Autophagy is a self-degradative process characterized by the removal of injured cellular components such as mitochondria in the skeletal muscles, and it is designed to maintain the growth, development, and quality of the mitochondrial networks [4, 6, 10, 11]. Mitochondria are a primary source of diaphragmatic ROS, a crucial upstream trigger that initiates the signaling events that lead to diaphragm myofibril atrophy after MV or during endotoxemia [6, 15, 28]. Although basal autophagy is important for maintaining cell survival, excessive autophagy induces pathological changes, such as muscle atrophy, intrinsic apoptosis, or cell death. Upregulation of LC3-II protein level has been described as a marker of increased autophagosome formation, whereas downregulation of p62 protein level is thought to be a marker of increased autophagic flux [6, 10]. By conjugating with phosphatidylethanolamin, LC3-I becomes a double-membraned autophagosome-bound LC3-II [11]. The accumulation of LC3-II in the diaphragm during MV could be primarily due to a pathological impairment of autophagosome degradation rather than upregulation of the autophagy pathway [10, 40]. In a recent study of sepsis, TLR4 activation increased autophagosome formation in a p38 MAPK-dependent manner [4]. In the current study, we observed that the combination of MV and endotoxemia can induce autophagy, as confirmed by the presence of autophagosomes near the mitochondria through TEM analysis and the increased and decreased expression levels of LC3-II and P62, respectively.
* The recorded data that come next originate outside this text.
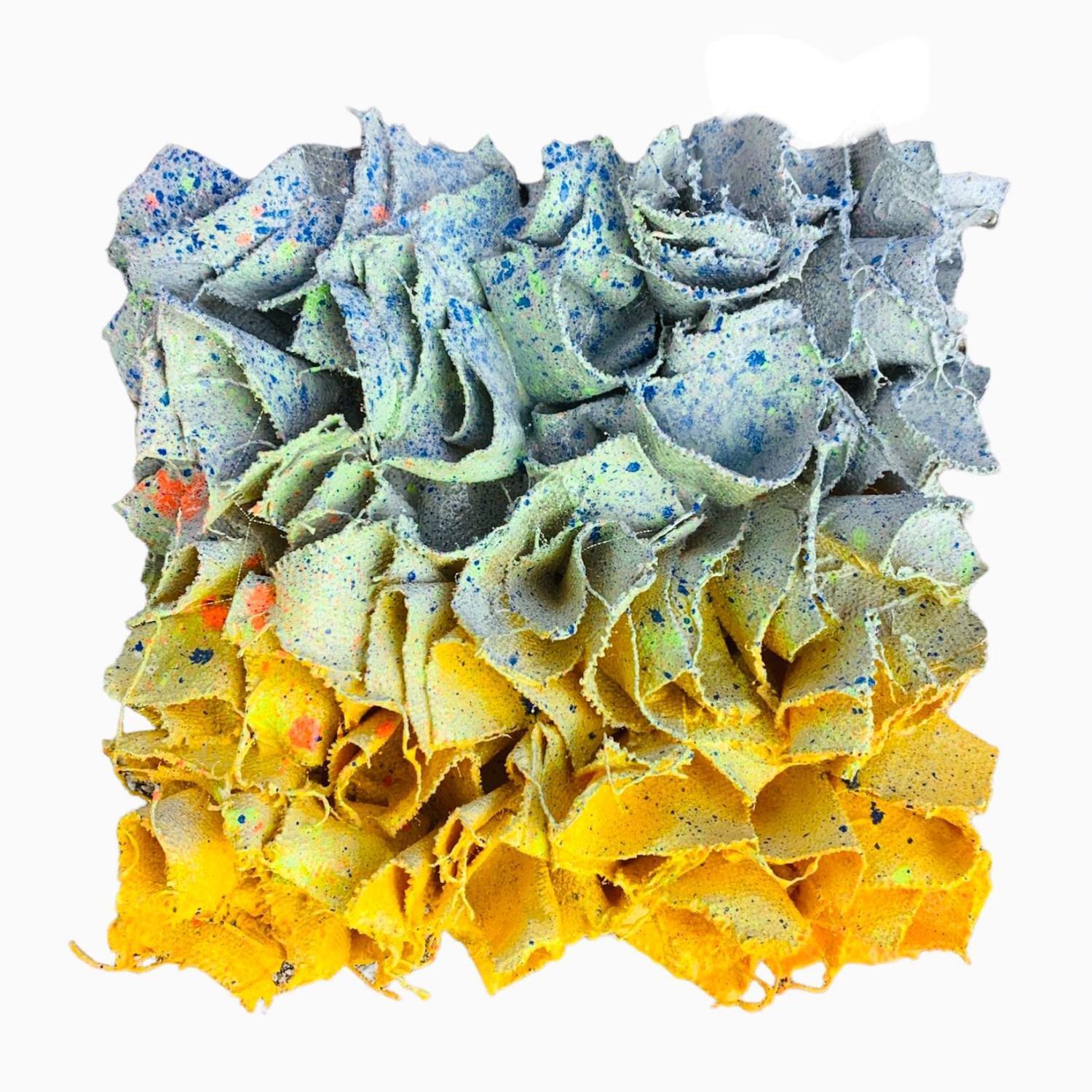 Der Künstler verwendete Holz, Graffiti, Textil, Upcycling auf Holz, um dieses Kleine Gemälde zum Thema "Minimalistisch" anzufertigen.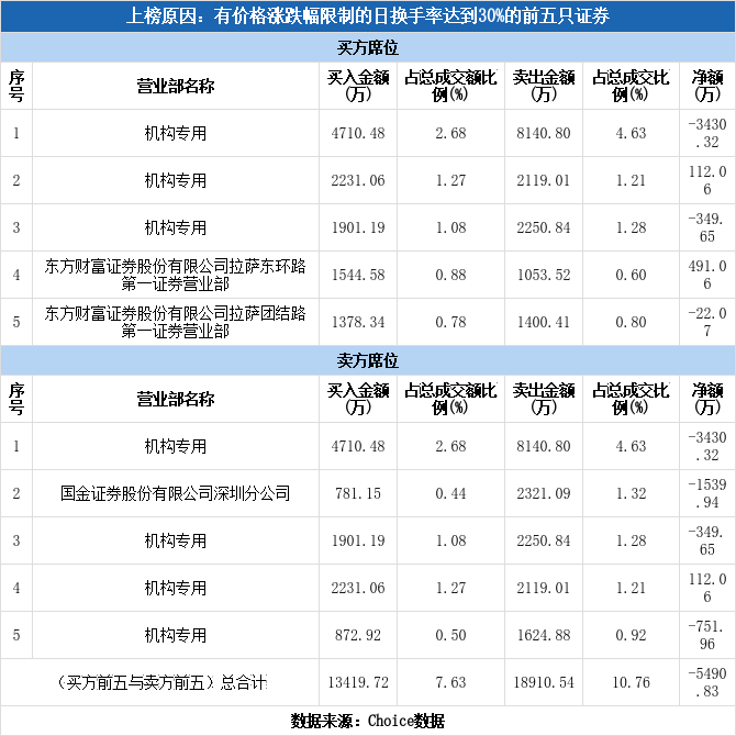 龙虎榜数据显示,今日共7个机构席位出现在龙虎榜单上,分别位列买一、买二、买三、卖一、卖三、卖四、卖五,合计净卖出4419.88万元,占龙虎榜净卖额的80.5%。除此之外还有南网数字、同庆楼、平潭发展等30只个股榜单上出现了机构的身影,其中10家呈现机构净买入,获净买入最多的是四方达,净买额为5607.28万元;20家呈现机构净卖出,其中遭净卖出最高的为南网数字,净卖额为1.88亿元。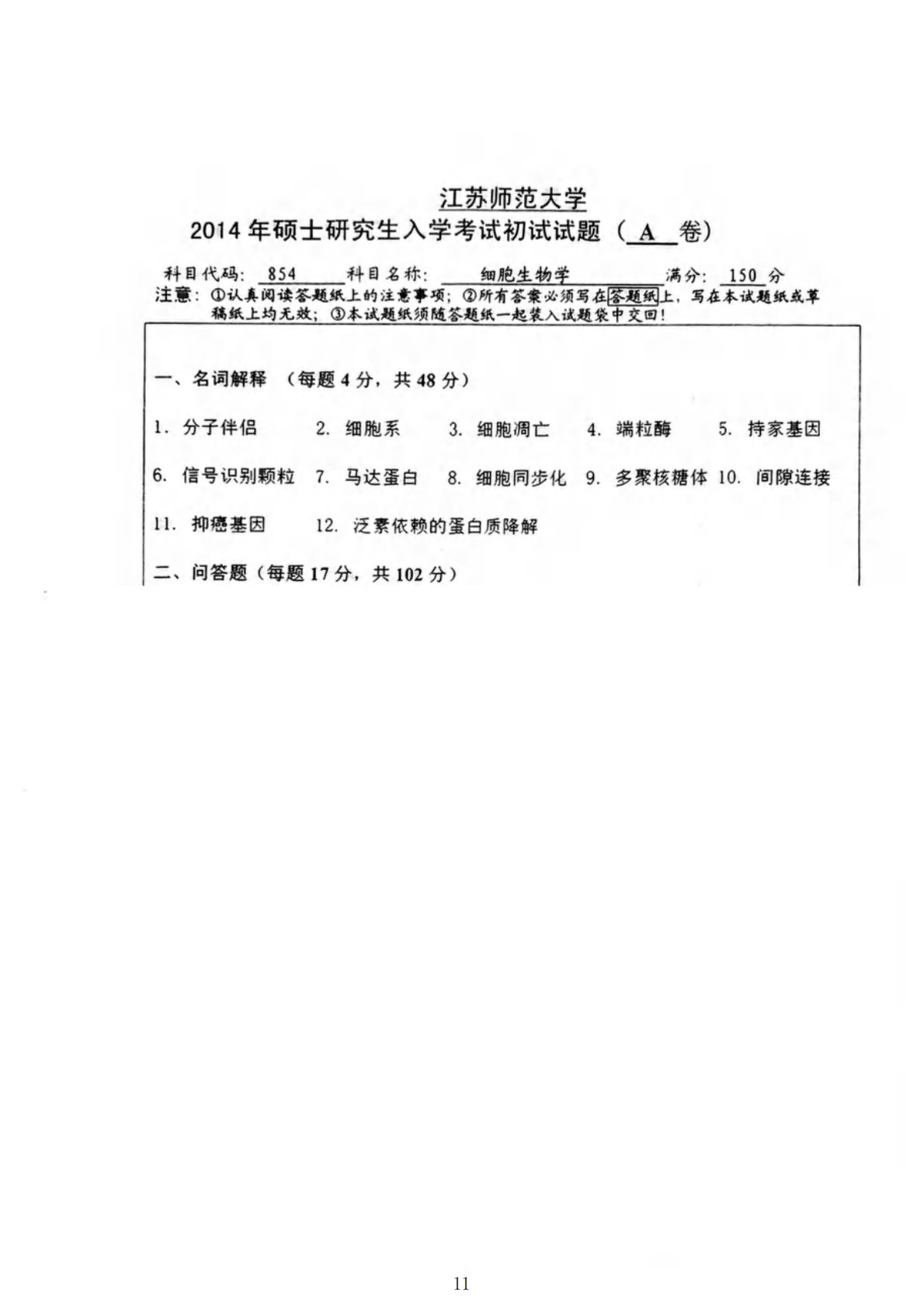 江苏师范大学854细胞生物学2014年真题

Mitochondrial dysfunction was also reflected by the high mitochondrial injury score, extensive swelling, deformed cristae, misfolding of the inner membrane, and the increase in lipid deposition indicating an increased influx of metabolic substrates into the muscle fibers in the diaphragm. TLR4 homozygous knockout can dampen the autophagy–lysosome pathway and alleviate mitochondrial ultrastructural changes by inhibiting TLR4/NF-κB signaling.

This study had a limitation. Tang et al. demonstrated that the Janus Kinase (JAK)-STAT pathway is involved in the pathogenesis of MV-induced oxidative stress and VIDD [41]. In our study, partial inhibition of diaphragm injury through TLR4 knockout or pharmacologic inhibition with SN50 suggested that TLR4/NF-κB signaling was only one of the many pathways contributing to VIDD. Additional experiments are necessary to investigate the other pathogenic signaling pathways.

In the present study, we determined that the administration of endotoxin enhanced MV-induced diaphragmatic oxidative stress, proteolysis, apoptosis, and autophagy, resulting in increased oxidative loads. In addition, atrogin-1, MuRF-1, caspase-3, and LC3-II expressions were increased, whereas P62 expression was reduced in a murine model of endotoxemia used to simulate an ICU clinical scenario. The negative effects of MV with endotoxemia on the diaphragm can be attenuated by pharmacologic inhibition with an NF-κB inhibitor or by TLR4 homozygous knockout, thus interrupting the TLR4/NF-κB pathway. Knowledge of the combinatorial effects of mechanical forces and endotoxin on TLR4/NF-κB signaling might allow for the clarification of the pathophysiologic mechanisms that regulate VIDD in endotoxemia, which can necessitate long-term ventilator dependence and lead to poor outcomes. Furthermore, identification of the molecular mechanisms that regulate diaphragm injury is necessary for the advanced management of VIDD in patients with sepsis.